Kala itu scene musik di tanah ai,r khususnya di Kota Semarang, masih didominasi glam rock dan pop rock. Praktis, jarang yang melirik genre death metal yang mereka bawakan. “Suara grouwl, scream, dan distorsi gitar yang kental serta drum yang penuh teknik memang kala itu pecinta jenis musik tersebut sangat sedikit,” katanya.
Kemunculan 3 track lagu mereka malang melintang di Jawa dan Bali sampai 1997. “Akhir 1997 adalah masa gelap dari band, kita hanya menon-aktifkan band untuk ketiadaan dan kontemplasi sampai waktu yang tidak diketahui karena menemukan kejenuhan,” tuturnya.
Dari perjalanan sampai 1997 tersebut bisa dibilang, mereka merupakan salahs atu band pionir aliran death metal di Kota Semarang.

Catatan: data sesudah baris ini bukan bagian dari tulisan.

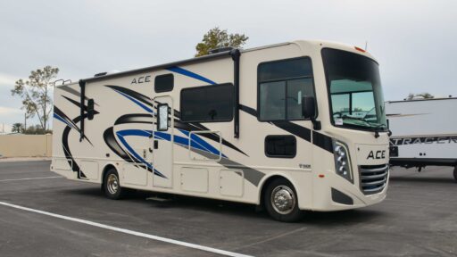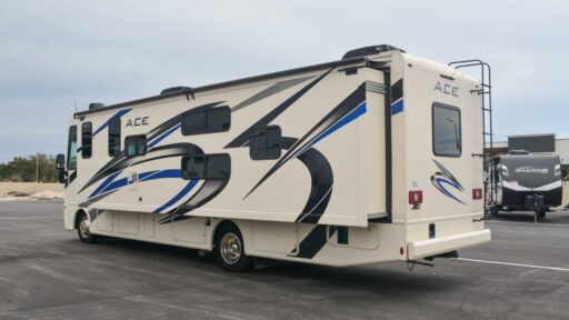 The A.C.E. 32B's center kitchen is equipped with a mid-size refrigerator and a three-burner cooktop, making meal preparation a breeze. Whether you're enjoying a quick breakfast or a family dinner, the kitchen's functionality will impress. The powered retractable awning extends your living space outdoors, perfect for enjoying the scenery or hosting a barbecue. With a Ford F53 chassis and a robust Triton V8 engine, this motorhome promises a smooth drive, while the 8,000-pound towing capacity allows you to bring along all your favorite toys. Experience the perfect balance of style, comfort, and adventure with the A.C.E. 32B. For more information, visit your nearest General RV dealership.
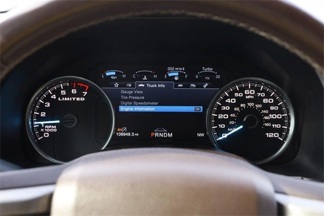 Certified. White 2020 Ford F-150 Limited 4WD 10-Speed Automatic 3.5L V6 EcoBoost Ford Blue Advantage: Blue Certified Certified, 4WD, Bluetooth® Hands Free Calling, 120-POINT FORD PRE-OWNED INSPECTION IN OUR CERTIFIED PRE-OWNED SERVICE DEPARTMENT, CLEAN CARFAX, BLUE ADVANTAGE FORD CERTIFIED COMPREHENSIVE COVERAGE IS PROVIDED FOR 3 MONTHS OR 4,000 MILES, 10 Speakers, 22 Polished Aluminum Wheels, Adjustable pedals, Auto tilt-away steering wheel, Auto-dimming door mirrors, Auto-dimming Rear-View mirror, Automatic temperature control, Bumpers: body-color, Class IV Trailer Hitch Receiver, Electronic Locking w/3.55 Axle Ratio, Engine Oil Cooler, Equipment Group 900A Base, Exterior Parking Camera Rear, Garage door transmitter, Genuine wood door panel insert, Heated door mirrors, Heated front seats, Heated rear seats, Memory seat, Navigation System, Pedal memory, Power moonroof, Pro Trailer Backup Assist, Radio: B&O Sound System by Bang & Olufsen, Rain sensing wipers, SiriusXM Radio, Steering wheel mounted audio controls, SYNC 3, Tailgate Step w/Tailgate Lift Assist, Telescoping steering wheel, Tilt steering wheel, Tough Bed Spray-In Bedliner, Trailer Tow Package, Upgraded Front Stabilizer Bar, Ventilated front seats, Voice-Activated Touchscreen Navigation, Wheel Well Liner.
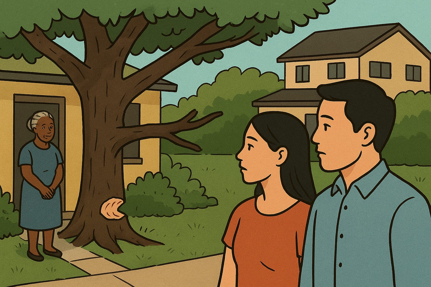 Dorothy looked past them at the tree. Its trunk split like a river delta, branches thick with green. She didn’t speak immediately, letting her gaze trace the branches until it settled on the limb angling guiltily toward Ming and Daniel’s house.
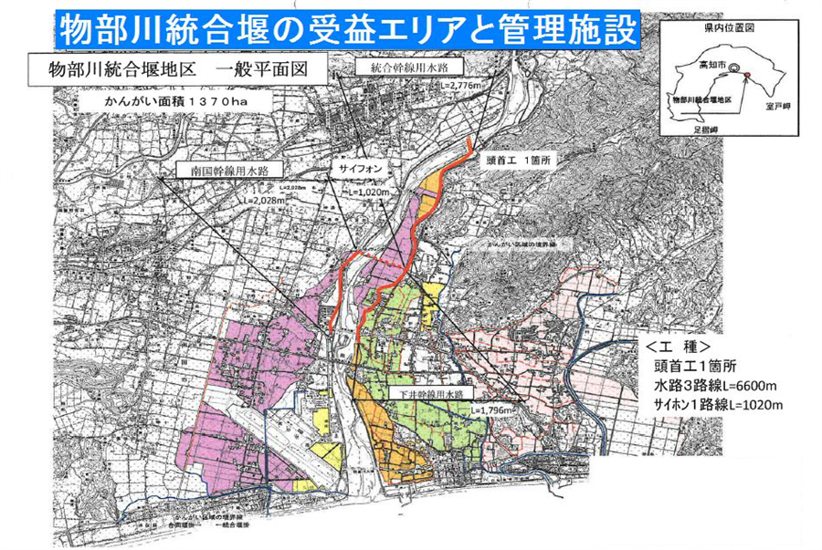 大まかには、兼山三叉以下での主要な用水路名として、原田溝、上井川、十善寺溝、町溝に分水されさらに香宗川水系烏川に一端、用水を落とし、堰(現在は可動堰)で再取水して本村用水、新宮溝、野村溝、岩崎溝、遠山溝に導水していくなど複雑な水路網システムが古来より整っています。また、下井幹線用水路は下井川、瀬戸川によって配水され、南国市分は物部川の地下サイフォンによって配水し、南国幹線用水路を経て、高知龍馬空港周辺の農地まで配水しています。これら当連合の管理水路区間外は各々の水利組織等によって管理しています。(受益エリア図をご参照願います。)

Meski kala itu vakum, gerakan mereka dalam mengenalkan genre metal kepada kaum muda di Kota Semarang dan sekitarnya terus dilakukan. Membuat kelompok-kelompok tongkrongan dengan anak-anak muda kala itu. Sembari mengedukasi bagaimana cara menikmati musik metal. Upaya mereka membuahkan hasil. Hingga pada awal 2003, genre death metal mulai mendapat panggung di Kota Semarang.

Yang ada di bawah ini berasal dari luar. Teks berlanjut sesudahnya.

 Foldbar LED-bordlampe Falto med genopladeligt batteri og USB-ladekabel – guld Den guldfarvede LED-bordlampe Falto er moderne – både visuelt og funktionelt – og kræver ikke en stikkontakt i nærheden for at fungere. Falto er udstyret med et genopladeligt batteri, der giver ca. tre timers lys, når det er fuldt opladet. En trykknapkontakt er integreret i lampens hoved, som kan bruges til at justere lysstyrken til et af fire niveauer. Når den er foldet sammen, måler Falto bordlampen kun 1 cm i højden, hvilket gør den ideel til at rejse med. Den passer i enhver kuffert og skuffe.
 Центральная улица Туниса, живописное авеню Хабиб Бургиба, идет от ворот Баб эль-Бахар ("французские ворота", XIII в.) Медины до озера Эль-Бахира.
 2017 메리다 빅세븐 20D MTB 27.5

Band-band metal baru mulai bermunculan. Dari situlah mereka kembali mengaktifkan band. Bahkan di tahun tersebut mereka memutuskan untuk membuat album bertajuk ‘self-titled’. Dengan track andalan berjudul ‘Mental of Backstabber’. Dimana dalam penggarapan album tersebut mereka dibantu oleh salahsatu seniman yang namanya sudah tidak asing di Kota Semarang, Rudy Murdock.
Pada akhirnya di Agustus 2005 mereka merilis album self-titled. Setelah merilis album debutnya, Syndrome memulai tur promo di Jawa Tengah, Jakarta, Bali, dan bergabunglah Nopex (gitar) Radical Corps untuk memperkuat band ini. Syndrome ‘self titled’ merilis hanya 1000 copy dan terjual.

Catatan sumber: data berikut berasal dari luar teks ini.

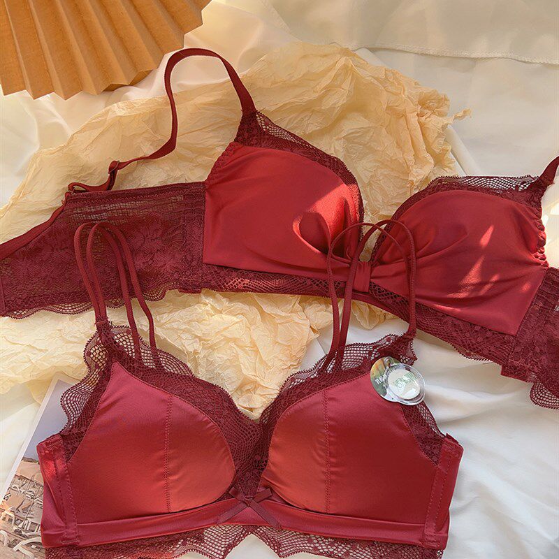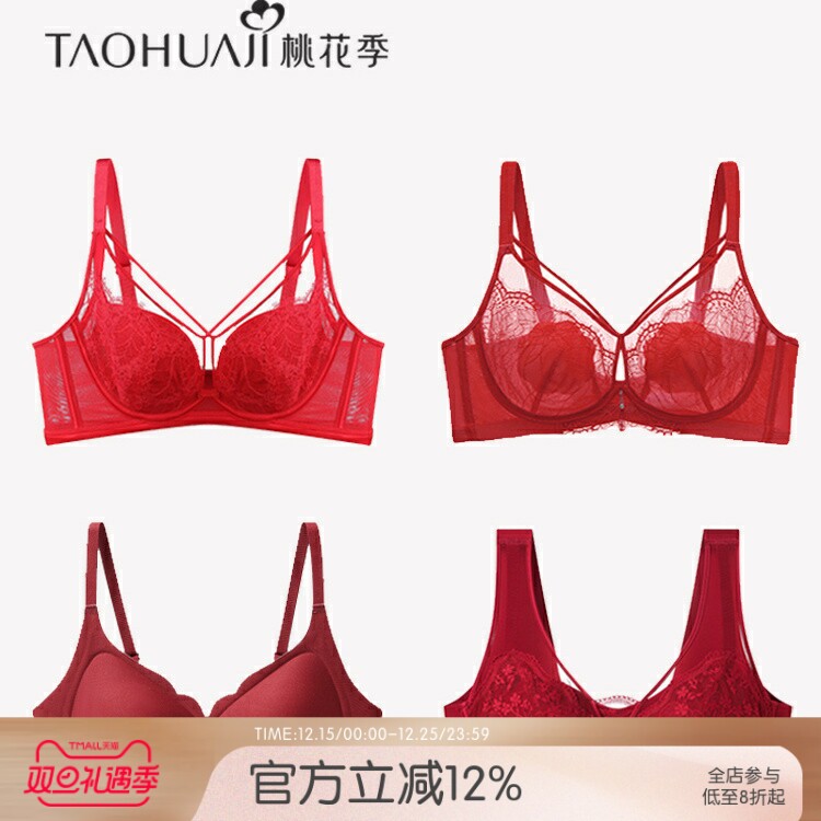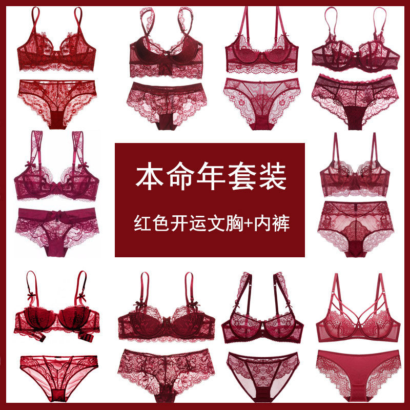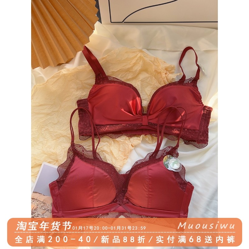 桃花季小胸聚拢新年红色结婚内衣套装新娘本命年情侣无钢圈文胸罩

Salah satu prestasi yang membawa namanya dikenal oleh pemuja musik metal se Indonesia kala mereka masuk di album Metalik Klinik #9 pada 2006. Sebuah album musik underground yang juga didalamnya ada nama-nama band-band metal yang kini kerap menghiasi layar kaca. Album tersebut diproduksi oleh Musica Record.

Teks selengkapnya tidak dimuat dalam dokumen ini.